My summer vacation was a blast. When September was just around the corner, I was almost convinced I’d beat it. The curse of the blood sacrifice, as I now called it. I was feeling fine. My senses dulled by alcohol most nights, my body preoccupied with the pleasure my men gave me… I was feeling fine. No, I wasn’t rotting from the inside. No, my pores weren’t giving off a slight odor of wet dirt and worms. I didn’t taste blood on my tongue, no. I was fine.

I was falling apart. Like Francis had told me would happen if I didn’t feed the monster. It only kept me alive if I did my part and kept it alive. Not that it was dying or anything… He had plenty of revenant servants who stopped by to feed it. Not just Francis, like I’d thought. Many had been returned to the land of the living by Yig, and there were many wells along the coast. The Great Old One’s tentacles extended far and wide, which made me wonder… How big was this creature?

A cosmic god, indeed.

“Mila, you have to,” Francis had gotten in the habit of telling me a few times a day. “You have to, or you’ll rot on your feet and die.”

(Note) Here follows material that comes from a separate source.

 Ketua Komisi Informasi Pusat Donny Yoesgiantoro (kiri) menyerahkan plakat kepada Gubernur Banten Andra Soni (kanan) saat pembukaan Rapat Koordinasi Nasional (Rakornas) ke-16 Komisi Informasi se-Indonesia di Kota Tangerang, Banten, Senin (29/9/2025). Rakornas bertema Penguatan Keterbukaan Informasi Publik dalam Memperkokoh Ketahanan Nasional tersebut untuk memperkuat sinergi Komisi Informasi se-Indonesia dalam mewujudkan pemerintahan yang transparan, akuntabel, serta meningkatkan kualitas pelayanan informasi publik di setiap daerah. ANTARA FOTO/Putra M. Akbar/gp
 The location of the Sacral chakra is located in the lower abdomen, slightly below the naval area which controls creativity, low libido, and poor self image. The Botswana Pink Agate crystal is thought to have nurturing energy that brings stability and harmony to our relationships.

“So I’ll rot and die. Because I’ll never,” I always said, emphasizing each word, “ever…”

* * *

Pazuzu had found her for me. He was a demon, and demons were in the business of sinful people. She was petite, with black hair and brown eyes, dressed in designer clothes. Nothing about her betrayed that she recruited barely legal girls from poor eastern countries to work in the west as dancers. That was what she told them. Once they got to the US, they soon realized their new job had nothing to do with dancing.

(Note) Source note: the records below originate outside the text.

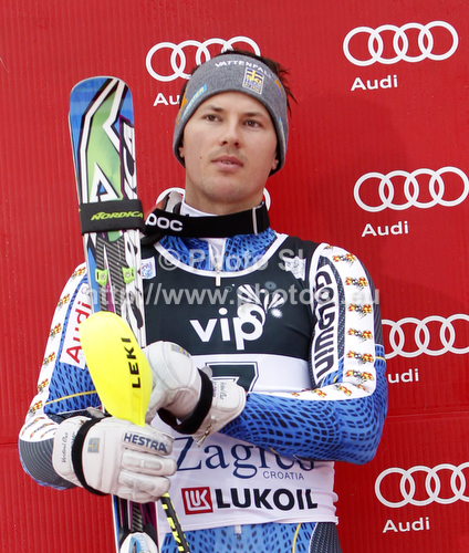 : Second placed Andre Myhrer of Sweden celebrates his medal won in men slalom Snow Queen Trophy race of Audi FIS Alpine skiing World cup 2012-2013 on Sljeme above Zagreb, Croatia. Men slalom Snow Queen Trophy race of Audi FIS Alpine skiing World cup was held on Sljeme above Zagreb, Croatia, on Sunday, 6th of January 2013.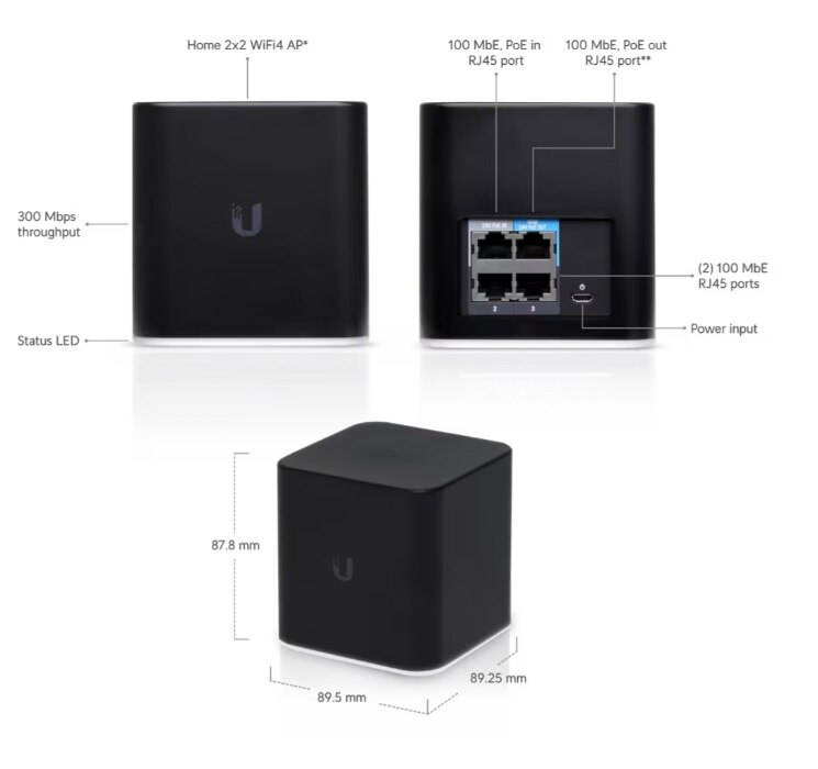 Ubiquiti Networks introduces the airCube, a cost-effective wireless access point for use in your customer deployments. With a compact design and integrated 24V PoE passthrough, the airCube is a home Wi-Fi access point designed to interoperate with airMAX CPEs and is available in two models. The airCube's attractive design means it can be positioned anywhere in the room, improving Wi-Fi performance. Use the intuitive U Mobile app for iOS and Android to install and configure airCube. Innovative Super Antenna provides wide-area coverage beyond regular Wi-Fi access points. Management options feature a graphical user interface designed for streamlined setup and control.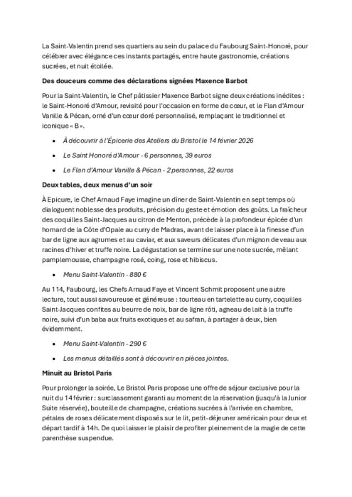 La Saint-Valentin prend ses quartiers au sein du palace du Faubourg Saint‑Honoré, pour célébrer avec élégance ces instants partagés, entre haute gastronomie, créations sucrées, et nuit étoilée.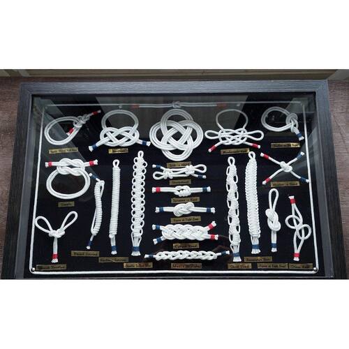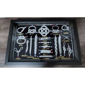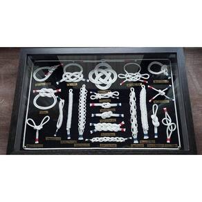 Quadro de Nós Náutico Simples Fundo Preto único - Características Gerais do Produto: Acabamento / funcionalidades: Produzido artesanalmente Material: Moldura de MDF; Vidro frontal 3mm; Fundo aveludado; Plaqueta metálica dourada com as identificações Medidas: A: 32 x L: 49 x P: 6cm Observações: Inclui suporte para pendurar : 12 Meses de de Fábrica Marca: Não Informado Ean: 7898574063506

Francis had tied her up good, blindfolded her, and stuffed a rag in her mouth. As he and Paz pushed her to her knees in front of the well, she whimpered.

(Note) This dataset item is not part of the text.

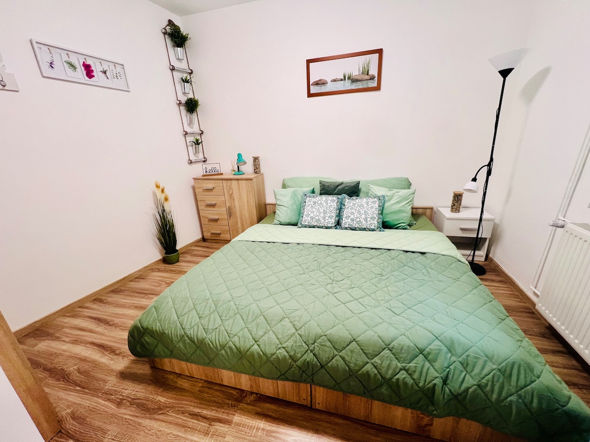 Một căn hộ nhỏ thoải mái, thiết thực với điều hòa không khí. Bạn có thể thưởng thức cà phê buổi sáng và các bữa ăn trong khu vườn ấm cúng thuộc căn hộ. Nhà thờ và trung tâm thành phố cách đó vài phút đi bộ. Có một trăm mét sông Danube, dọc theo đó có một con đường dành cho xe đạp và lối đi dạo đến trung tâm thành phố và cây cầu đến Slovakia. Chúng ta có thể đi bộ qua cây cầu đến quảng trường chính của Sieve, một ly bia tươi Slovakia ngon. Có bãi đỗ xe miễn phí trước căn hộ. Đối với xe đạp, đây là một nơi an toàn để đạp xe trong khu vườn khép kín.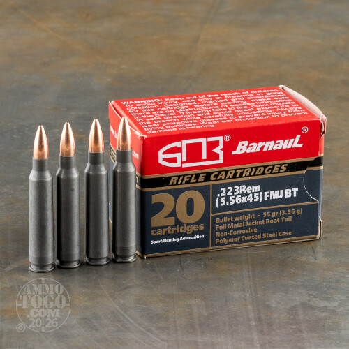 20rds – 223 Rem Barnaul 55gr. FMJBT Ammo

I was shaking. My head was throbbing, my skin burned hot with fever, sweat gathered at the edges of my hair, dripping down my temples. I felt sick to my stomach. Bile rose in my throat, and I swallowed heavily, forced it back down. It tasted bitter. I’d already vomited twice. My ears buzzed. I could barely hear GC’s meek encouragements. What the fuck was he even saying? How could he be encouraging me? He was… telling me about her misdeeds, something about sex traffic statistics in North America alone. I didn’t care. I didn’t want to hear any of it. Sariel asked me if I wanted to know her name, and I yelled at him. What did I yell? Did I even use words?